Denmark looking into building North Sea wind energy island

Christian Wenande
March 8th, 2017

This article is more than 6 years old.

Innovative plan in collaboration with Germany and the Netherlands could provide energy to 80 million Europeans

Banking on the winds at Dogger Bank (photo: TenneT)

Denmark has teamed up with Germany and the Netherlands to look into the possibility of building an island in the North Sea to locate wind turbines in the future.

The artificial island, which will include a harbour and a landing strip for aircraft, is proposed to be six square kilometres in size and be located on Dogger Bank, a large sandbank in a shallow area about 100 km off the east coast of the UK.

“We haven’t let our fantasy gain the upper hand, although it may sound a little crazy and like something out of science fiction,” said Torben Glar Nielsen, the technical head of national energy provider Energinet.dk.

“We who have the responsibility of transporting the electricity generated by offshore wind turbines back to land and the consumers must constantly push and make sure that the price continues to fall.
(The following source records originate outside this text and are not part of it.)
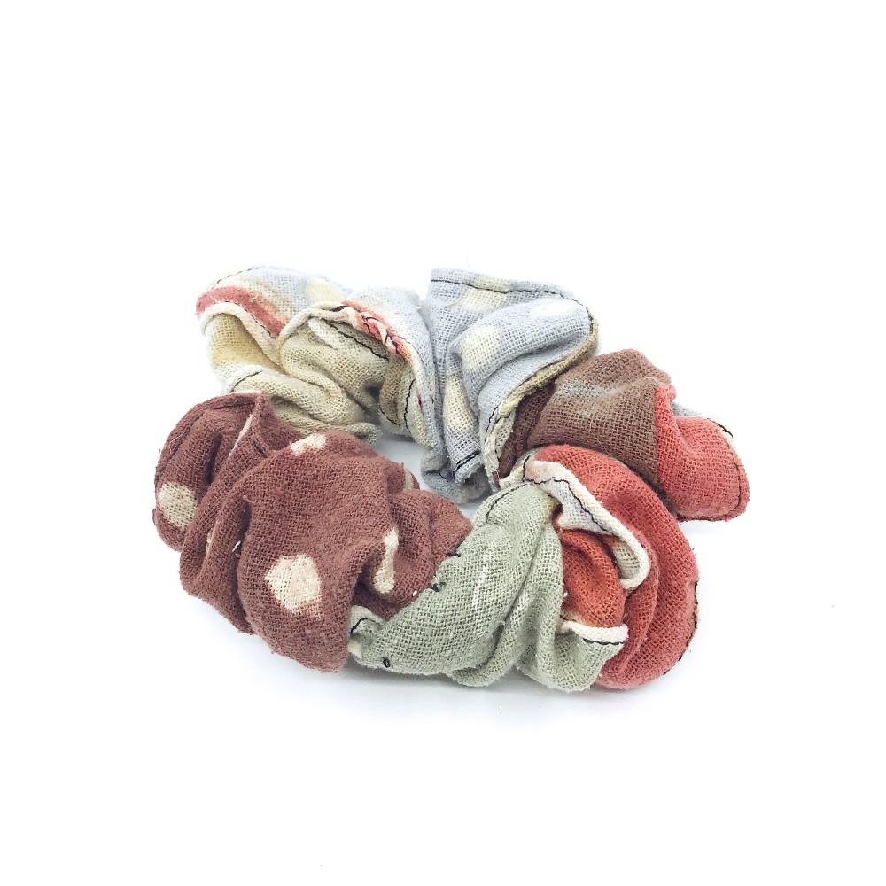 Raw silk scrunchies in earthy tones by Traci ColeCare instructions: Hand wash & hang to dry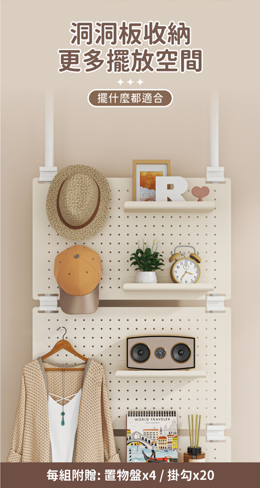 配件:洞洞板x4+掛勾x20+置物盤x4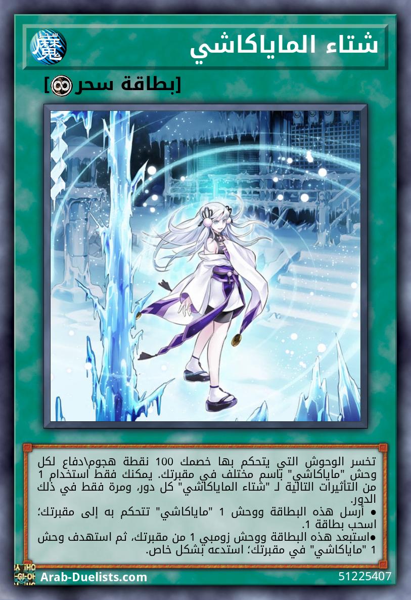 تخسر الوحوش التي يتحكم بها خصمك 100 نقطة هجوم\دفاع لكل وحش "ماياكاشي" باسم مختلف في مقبرتك. يمكنك فقط استخدام 1 من التأثيرات التالية لـ "شتاء الماياكاشي" كل دور، ومرة فقط في ذلك الدور. ● أرسل هذه البطاقة ووحش 1 "ماياكاشي" تتحكم به إلى مقبرتك؛ اسحب بطاقة 1. ●استبعد هذه البطاقة ووحش زومبي 1 من مقبرتك، ثم استهدف وحش 1 "ماياكاشي" في مقبرتك؛ استدعه بشكل خاص.
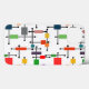 This phone case has a mid-century modern design of a large grid of horizontal and vertical black lines with colorful rectangles.
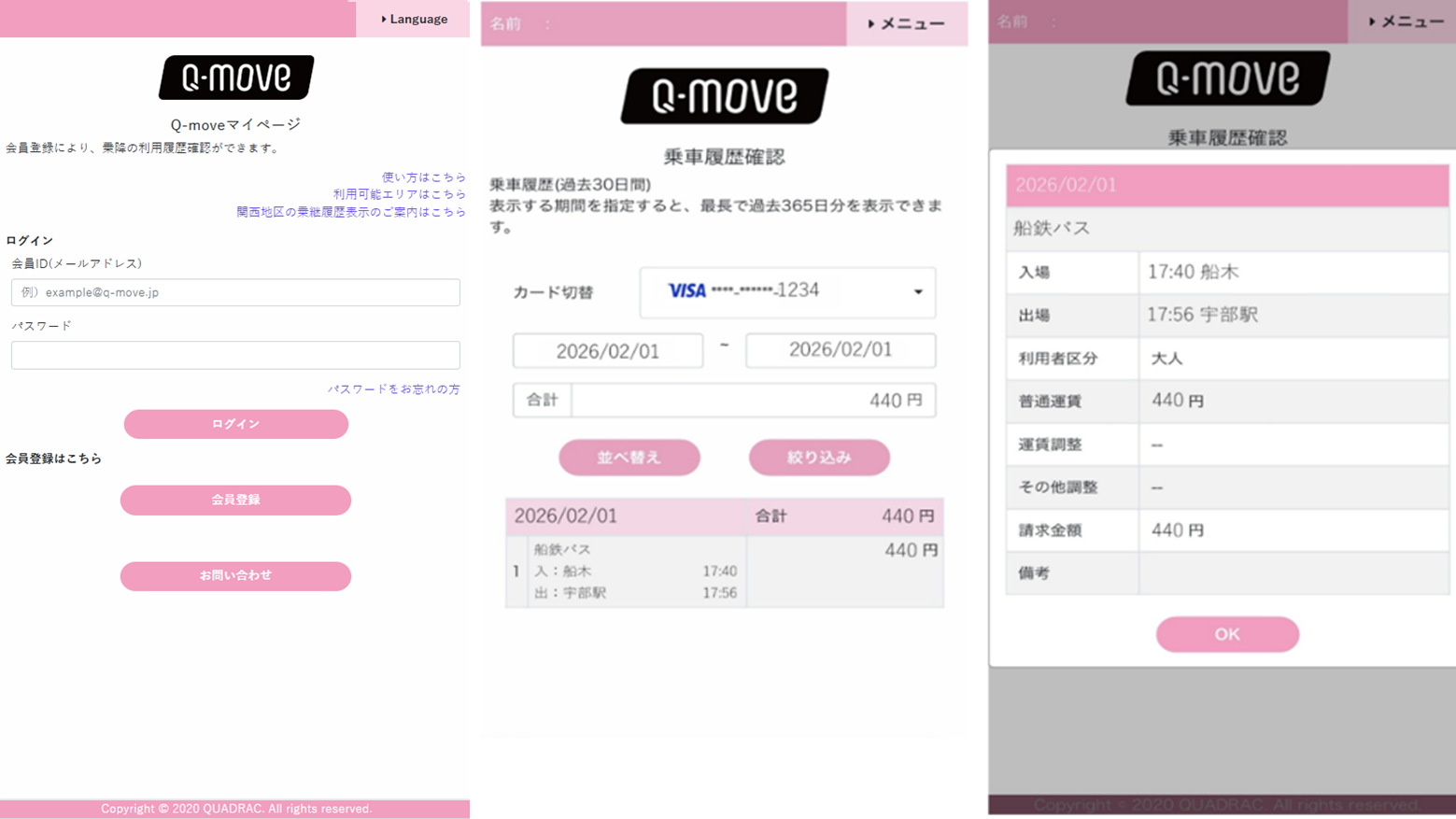交通事業者向け決済及び認証のプラットフォームを提供するQUADRACのQ-moveサイト(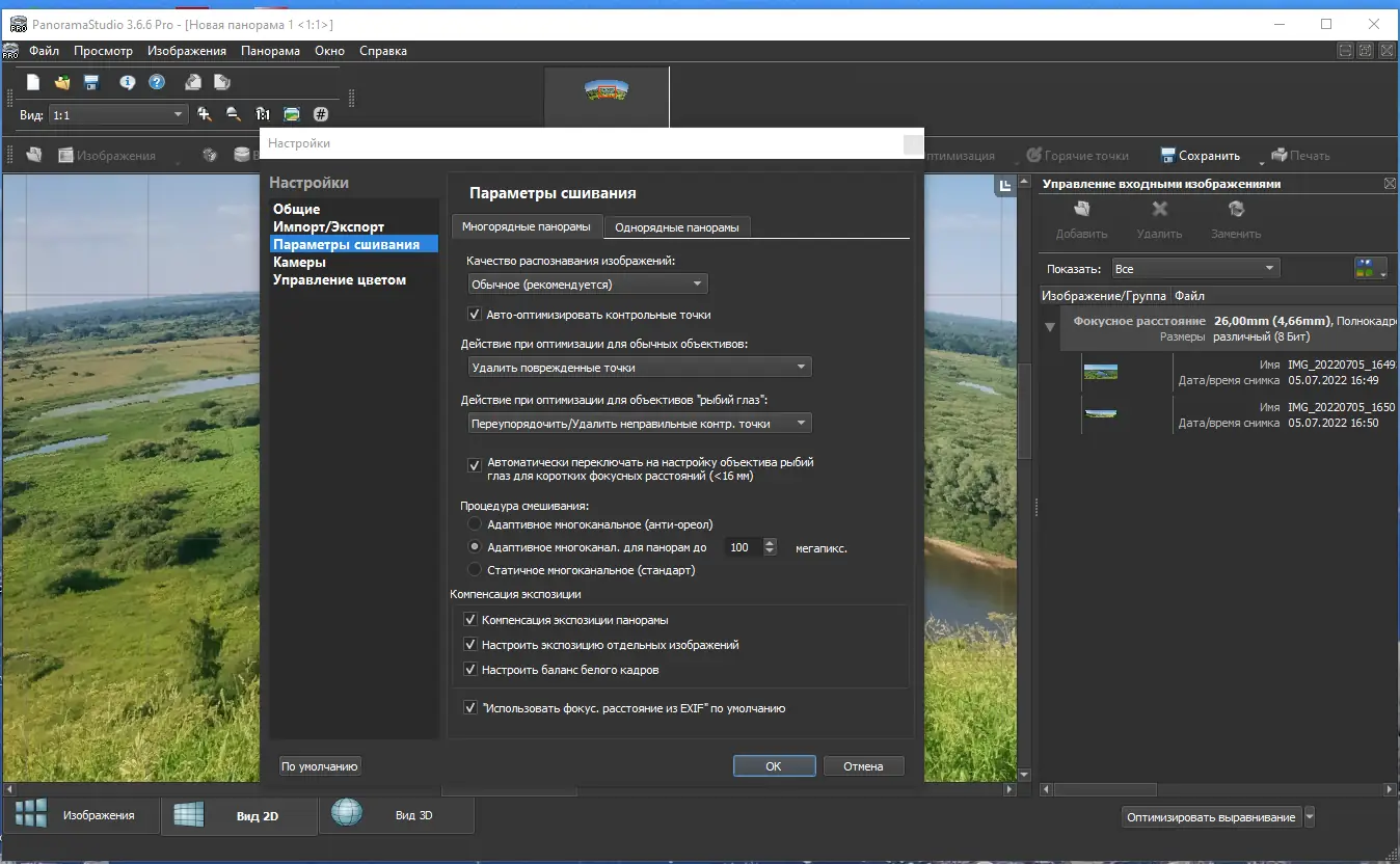 - Программа автоматически определяет фокусное расстояние и исправляет искажения объектива, что особенно полезно при работе с широкоугольными снимками.

That requires innovative big-scale solutions, and an energy hub in the North Sea is worth thoroughly looking into.”

READ MORE: World Bank: Denmark top for green energy

Millions could benefit
The national energy transmission companies of the three nations involved will sign an agreement on March 23 that looks into the opportunities of the island.

Just establishing an island at Dogger Bank from stone and sand is expected to cost over 10 billion kroner, and that’s without the cost associated with the estimated 7,000 wind turbines planned to be erected there.

But however costly the plan, the benefits of one or more of these islands could ultimately provide energy to 80 million European consumers.